14 May 2025, 07:48 AM

At a time when India is aiming to be a global manufacturing hub, the Supreme Court has cautioned against rigid enforcement of rules without understanding their impact on market realities, as it can discourage long-term capital and efforts.

A bench comprising Justice Vikram Nath and Justice Prasanna B Varale advocated for an "effects- based standard" than a rigid insistence on procedural compliance in matters related to economic regulations.

While dealing with an appeal under the Competition Act, 2002, the bench observed :

“In today's global economic climate, prudence is vital. As the United States and Europe retreat behind their newly-minted trade walls of protectionist policies to shield their homegrown markets, India's bid to emerge as a global centre for manufacturing, life-sciences and technology will succeed only if regulation rewards scale and intervenes solely when genuine competitive harm is shown. Heavy-handed enforcement, divorced from market effects, would discourage the long-term capital and expertise the economy urgently needs. An effects- based standard is therefore not a mere procedural nicety. It is both a constitutional bulwark against arbitrary restraint of lawful enterprise and a strategic necessity if India is to capture the opportunities that more protectionist economies are in danger of forsaking.”

Competition law not designed to punish success

In the context of Competition Law, the Court observed that the Competition Act is not meant to punish success or dominance gained through innovation and effort, and its purpose is to protect the competitive process, ensuring fair rivalry, consumer benefits, and continued innovation.

The Court expressed concerns that if the firms are penalized solely for their size without proof of harm, then that would undermine the law, discourage investment, and harm the public it seeks to protect.

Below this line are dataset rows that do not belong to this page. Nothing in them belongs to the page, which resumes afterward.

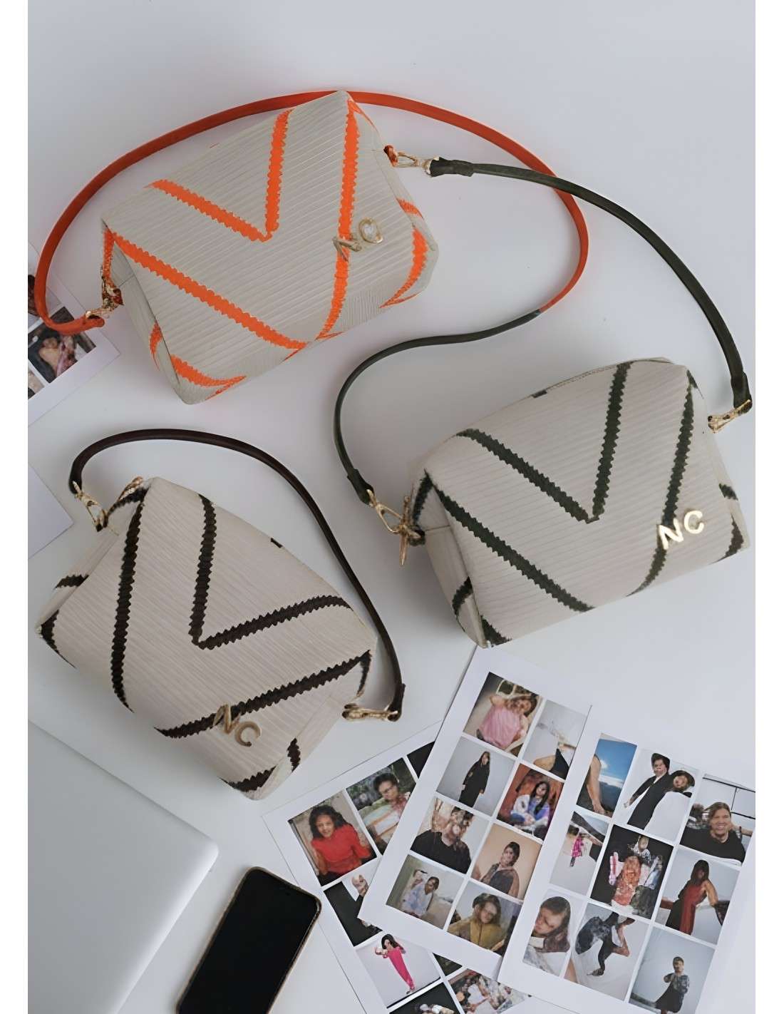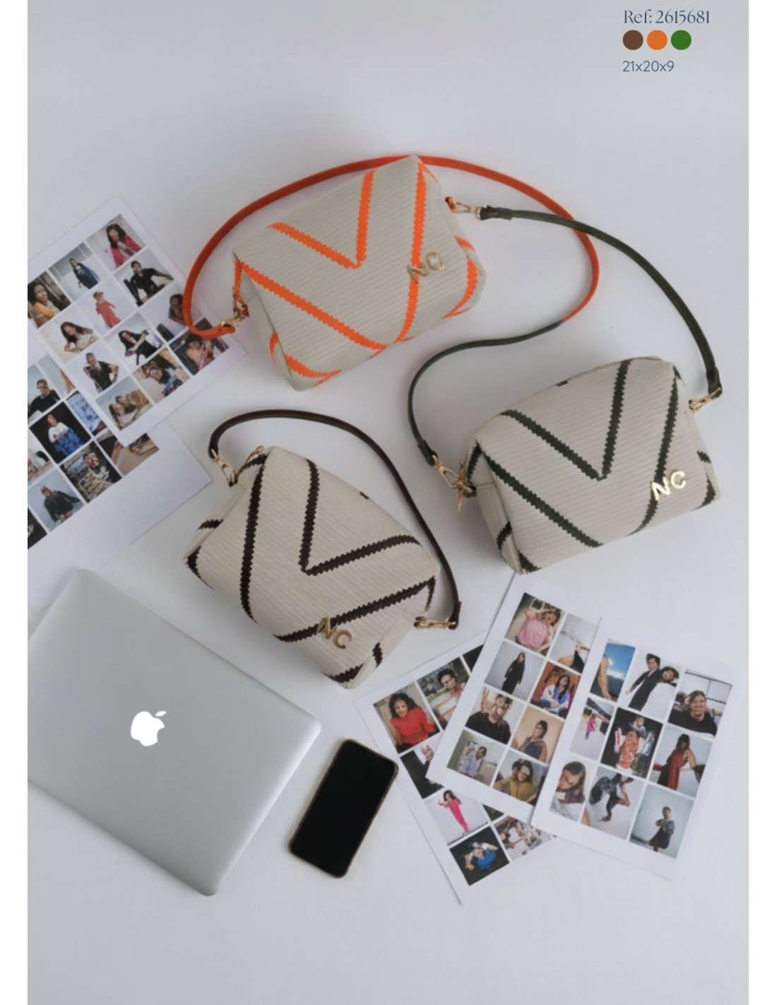 Cores Disponíveis: Castanho, Laranja e Verde (detalhes do padrão e alça)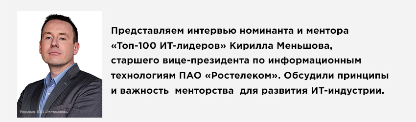 В этом году в рамках рейтинга «Топ-100 ИТ-лидеров» Global CIO запускает специальный проект «Менторство с Меньшовым», предоставляя возможность профессионалам сообщества оставить заявку на программу менторства.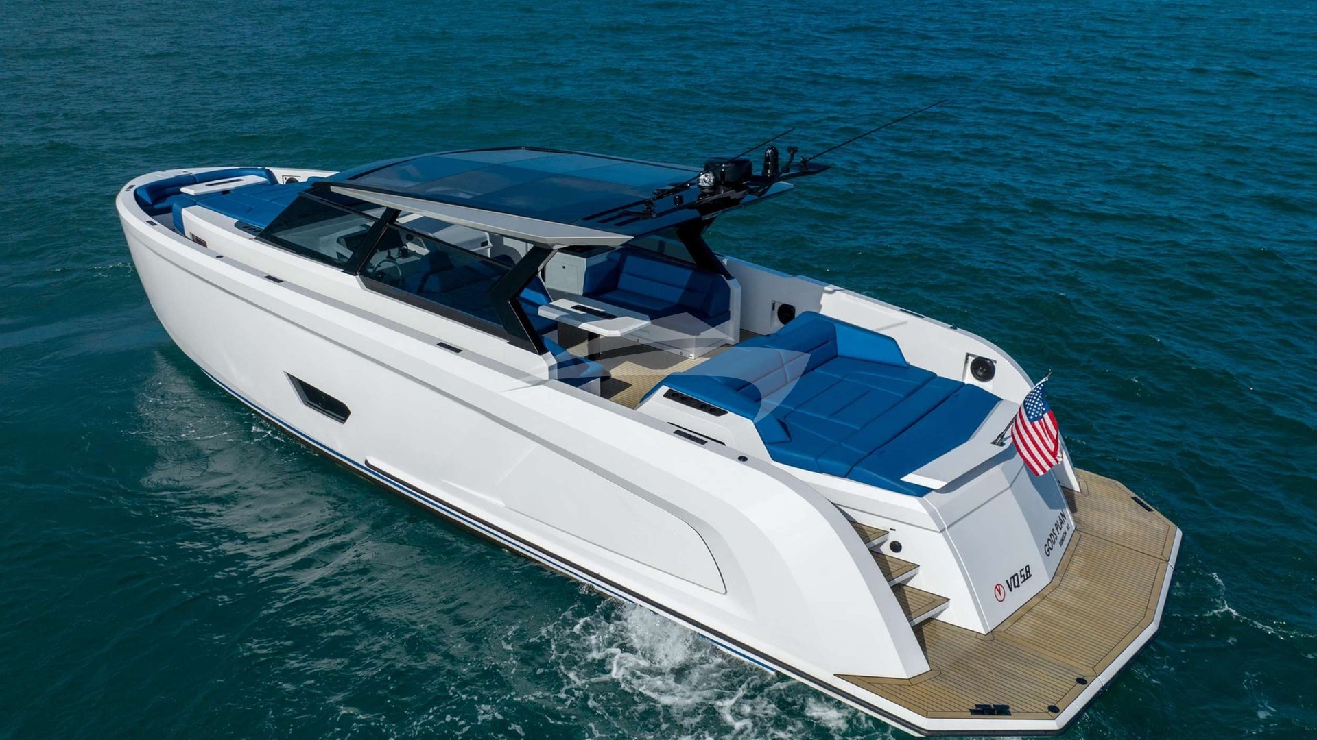 Gods Plan Yacht Charter is a 58' superyacht built by Custom in 2022. She sleeps 4 and holds 2 crew and is located in East Coast United States and East Coast United States. She can be booked for a private luxury charter at a rate of $45,000 per week. Please check with your Denison Charter Specialist for more info.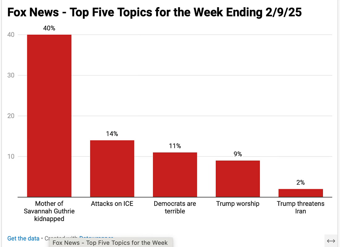 By this time last week Fox News dedicated entire commercial free hours to the disappearance of Nancy Guthrie, the 84-year-old mother of The Today Show host Savannah Guthrie.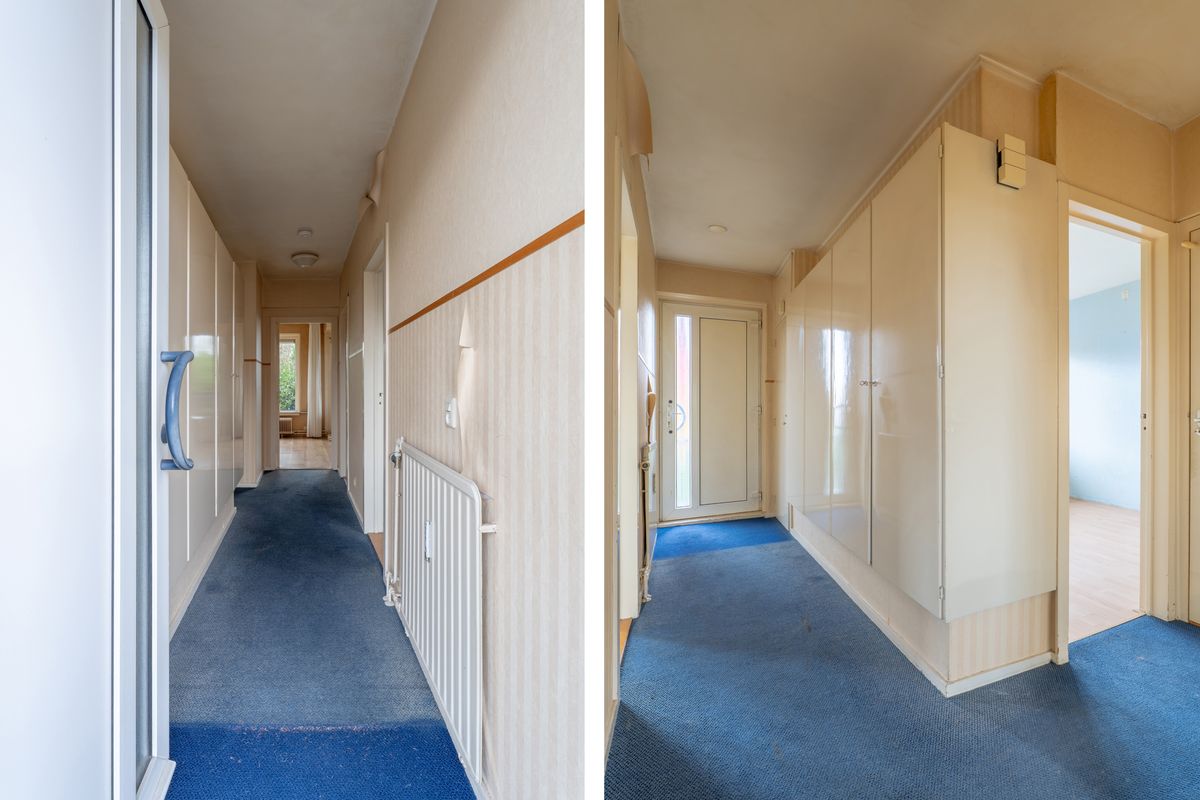 De entree van de woning geeft toegang tot een ruime hal. Vanuit de hal heb je toegang tot de meterkast, het toilet, de badkamer, twee slaapkamers en de woonkamer met open keuken.

“Competition law is not designed to humble the successful or to clip the wings of enterprises that have, through industry and innovation, secured a commanding share of the market. The true purpose of antitrust laws is to preserve the process of competition, i.e., to ensure that rivals may challenge the incumbent on the merits, that consumers enjoy the fruits of efficiency, and that technological progress is not stifled by artificial barriers. If mere size or success were treated as an offence, and every dominant firm exposed to sanction without tangible proof of competitive harm, the law would defeat itself: it would freeze capital formation, penalise productivity, and ultimately impoverish the very public it is meant to protect.”, the Court said.

The bench made the aforesaid observation while deciding a matter where the Appellant-Competition Commission of India (“CCI”) challenged the Competition Appellate Tribunal's decision, which had found the Respondent guilty of abuse of dominant position upon offering volume-based rebates to the buyers by introducing four slabs.

It was alleged that the Respondent had abused its dominant position by introducing such a facility to only benefit its joint venture, Schott Kaisha.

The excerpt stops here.